The Centers for Medicare & Medicaid Services should openly urge Congress to change the way therapy services are reimbursed, the nation’s largest long-term care provider association stated in recent written comments to CMS Administrator Marilyn Tavenner.

The American Health Care Association/National Center for Assisted Living pressed for three changes in particular: repealing “arbitrary” Part B therapy caps that limit access to needed services; reforming the “flawed” outpatient therapy medical review process, in order to create a system more likely to identify improper payments; and the collection of standardized outpatient therapy data, rather than the current non-standardized data that is “administratively complex” and not very useful.

CMS needs Congressional action in order to repeal the caps and reform medical review. The agency should issue a public statement to Congress advocating for the three proposed changes, AHCA stated. The Sept. 2 document served as the association’s official comments on proposed policies in the Medicare physician fee schedule for calendar year 2015.

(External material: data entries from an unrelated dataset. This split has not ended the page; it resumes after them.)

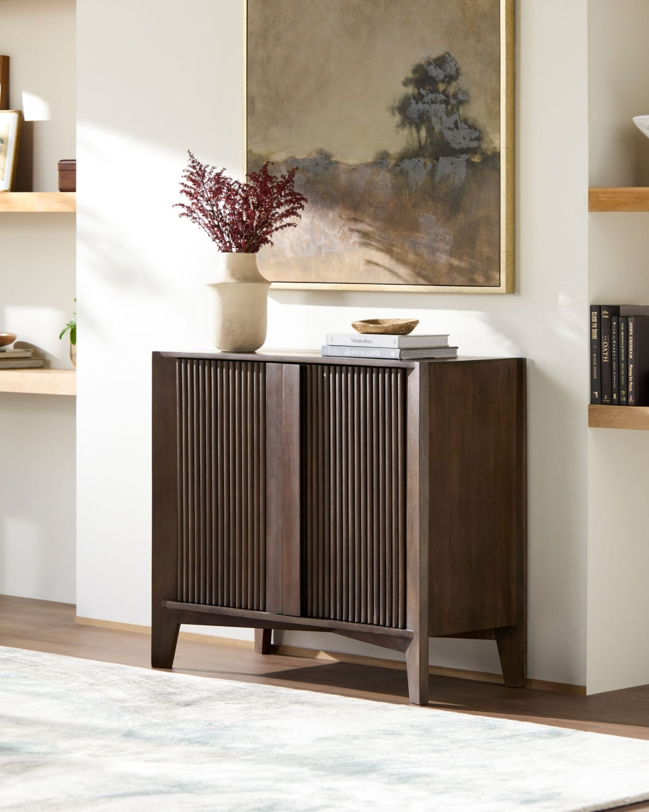 Introducing the Ronan Cabinet, a minimalist modern marvel crafted from exquisite mango wood and made in India. This sleek and stylish piece is perfect for those who appreciate clean lines and contemporary design. The natural beauty of the mango wood shines through, making it a standout addition to any room. Maintenance is a breeze, just wipe clean with a dry cloth to keep it looking pristine. Elevate your living space with the Ronan Cabinet and enjoy the effortless blend of form and function it brings to your home!
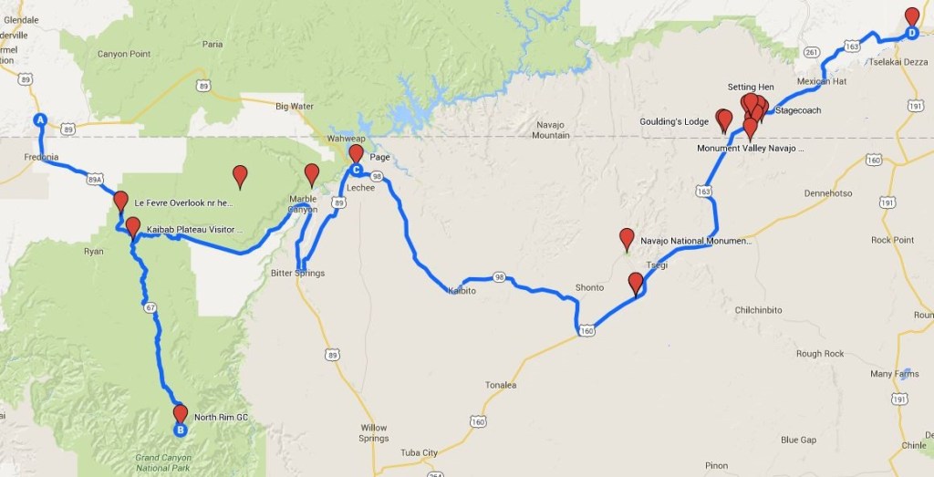 Big day today. We take Highway Alt 89 to Jacob Lake and turn right onto AZ-67 which takes us to the North Rim. After the visit backtrack 67 to Alt 89 and continue east to Bitter Springs where we connect with US 89 and proceed north before turning right onto AZ 98 East to Highway 160 and the a left turn onto Highway 163 and into Monument Valley.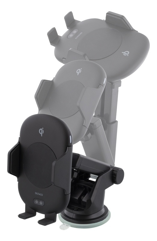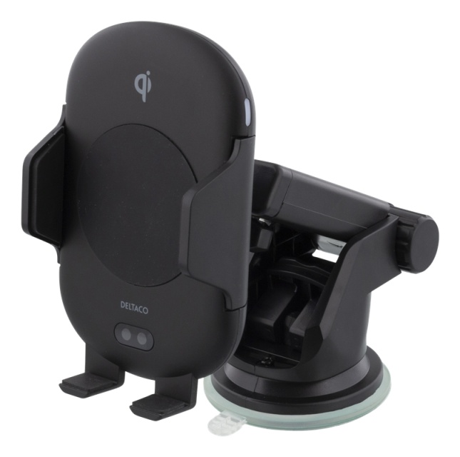 DELTACO wireless car charger with IR sensor, 10W, automatic closing/opening, Qi-certified, suctioncup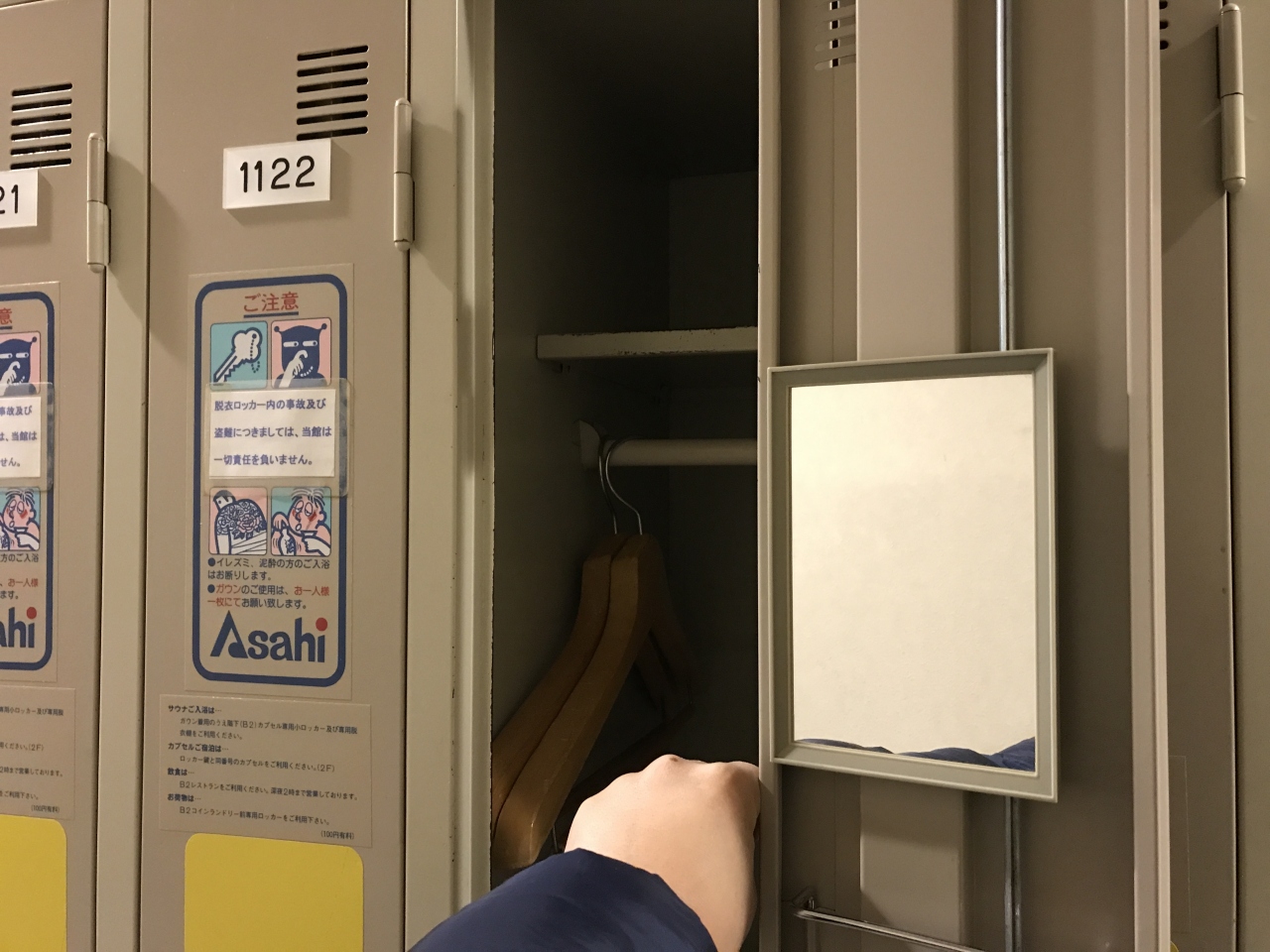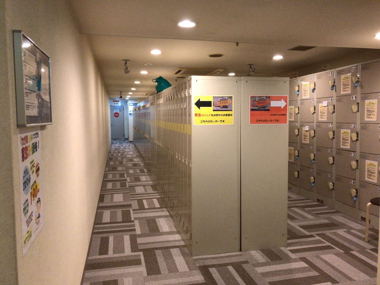 ロッカールームにあまりスペースを割けないのも分からなくもないのですが、それでも人の指5本を揃えたプラスαほどの幅しかないので、キャリーケースなどはワイヤーで鍵をつけてフロント横のスペースに保管する形になります。リュックサックなども幅が広いと収まらないので小さいものの方が良いかと。また、もう一つの注意点がカプセルエリアの床が古いのか、普通に歩いているだけでかなりミシミシと音が鳴ります。悪気が無くても。これらには注意が必要です。建物内は各所にフリースペースがある他、地下にはなりますが大浴場がありゆったりと疲れを取ることができました。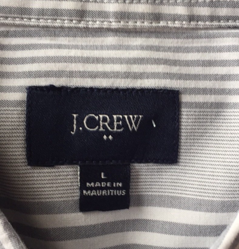 J.Crew Men Dress Shirt Long Sleeve Gray Large Stripe White Long Sleeve Cotton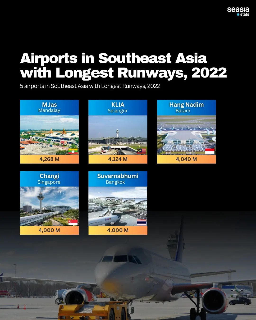 Leading the list is Mandalay International Airport, located 35 km south of Mandalay in Tada-U, Myanmar, boasting the longest runway in the region at 4,268 meters.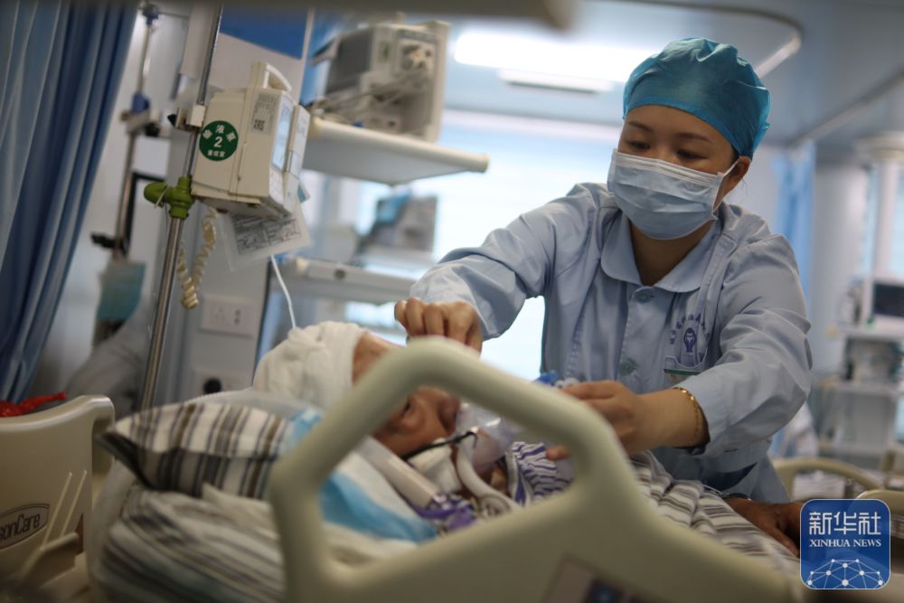 10月1日,湖南省邵阳市城步苗族自治县人民医院,重症室的医师给病人做辅助呼吸治疗。新华社发(严钦龙摄)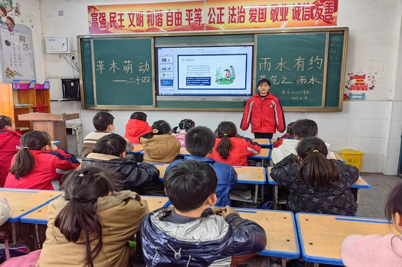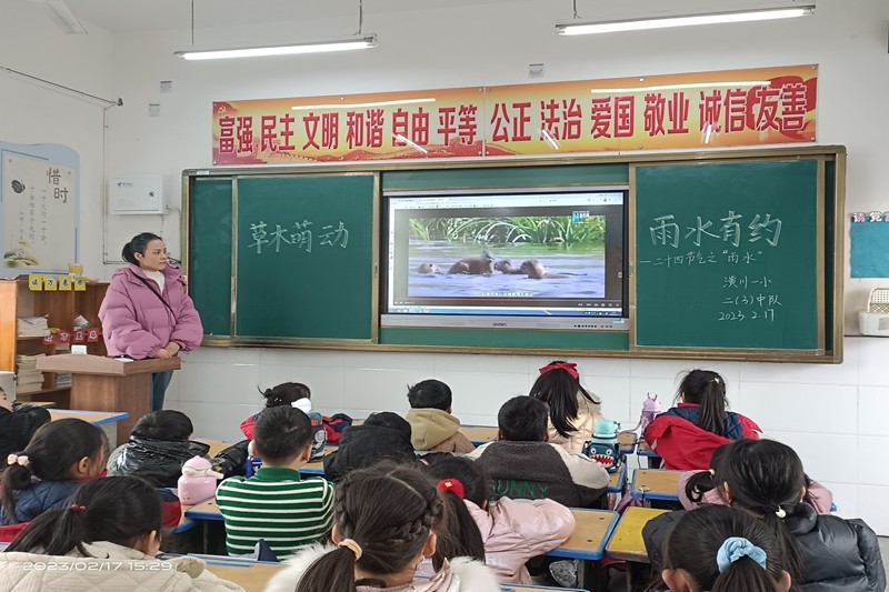 2月17日下午的主题班会课,中低年级部的中队辅员围绕雨水的由来、雨水的习俗、雨水三候、雨水诗词赏析等内容,引导队员们更深层次的了解雨水节气。在活动中,有些中队的少先队员们还结合了学校的经典诵读课程,即兴开展了以“雨水”为主题的诗词诵读活动。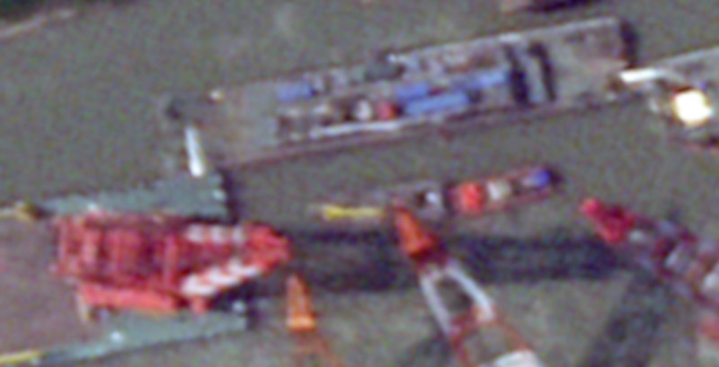 “I acquired an [satellite] image [from Planet Labs] from June 13th. In the image, there appears to be what look like crane barges clustered around…something…near where the submarine was earlier,” Shugart continued. “Also, the floating pier where the submarine was moored appears to have been offset a bit.”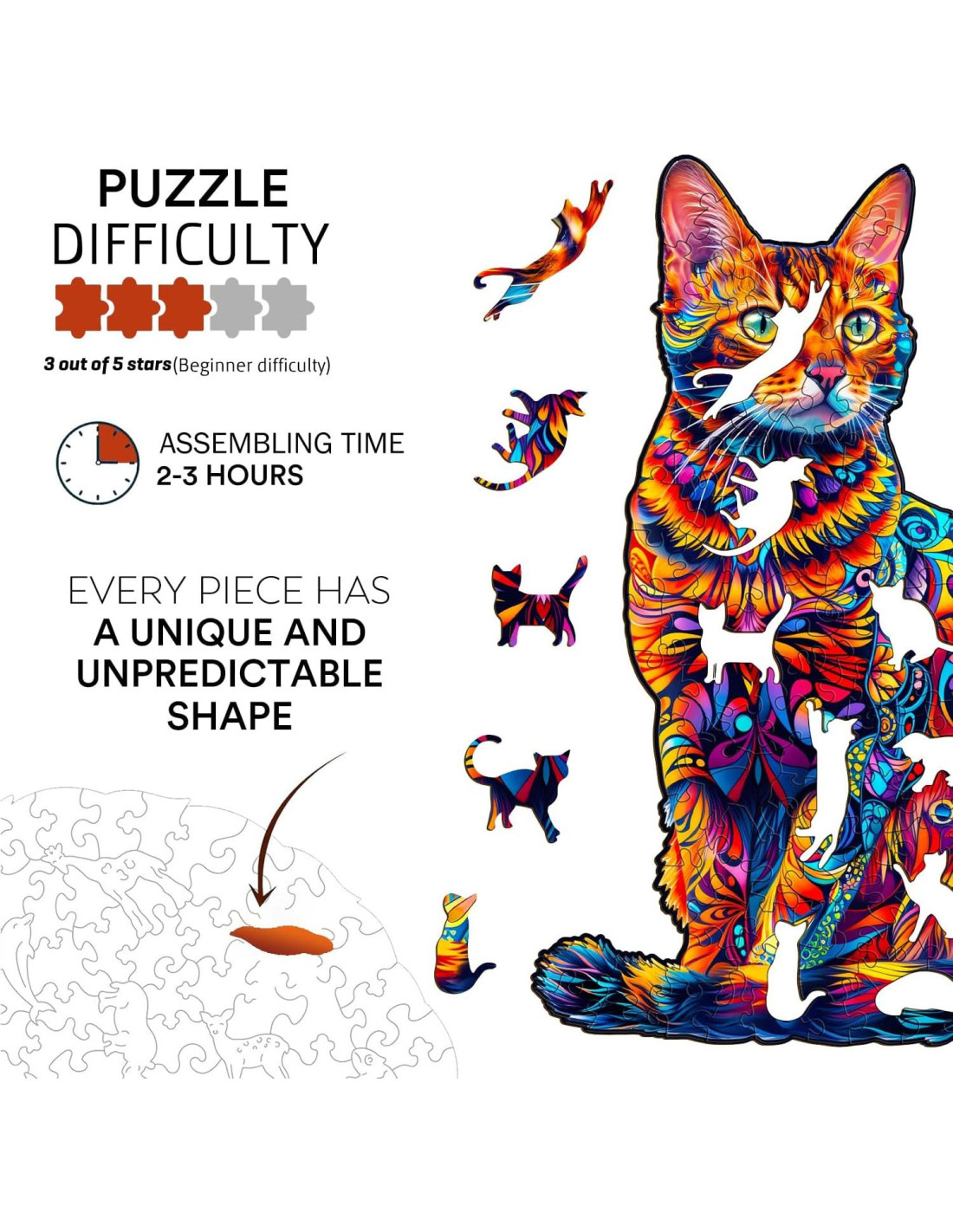 - [Detalles de Alta Calidad] Nuestros rompecabezas de madera están meticulosamente cortados con láser con precisión, mostrando formas de animales detalladas que seguramente cautivarán a los entusiastas de los rompecabezas adultos. Una vez terminados, se transforman en una pieza de exhibición llamativa, añadiendo un toque de encanto a cualquier habitación de tu hogar.

AHCA also called for changes to the Recovery Audit Contractor program, including doing only post-payment reviews and implementing further limits on additional documentation requests. The provider association applauded CMS for pausing the Recovery Auditor program and undertaking improvements, but wants more information about what these enhancements are and when audits will fully resume.

The 11-page document also included comments on a number of other topics, including re-valuing potentially misvalued codes and potential provider burdens created by CMS evaluations of new payment and delivery models.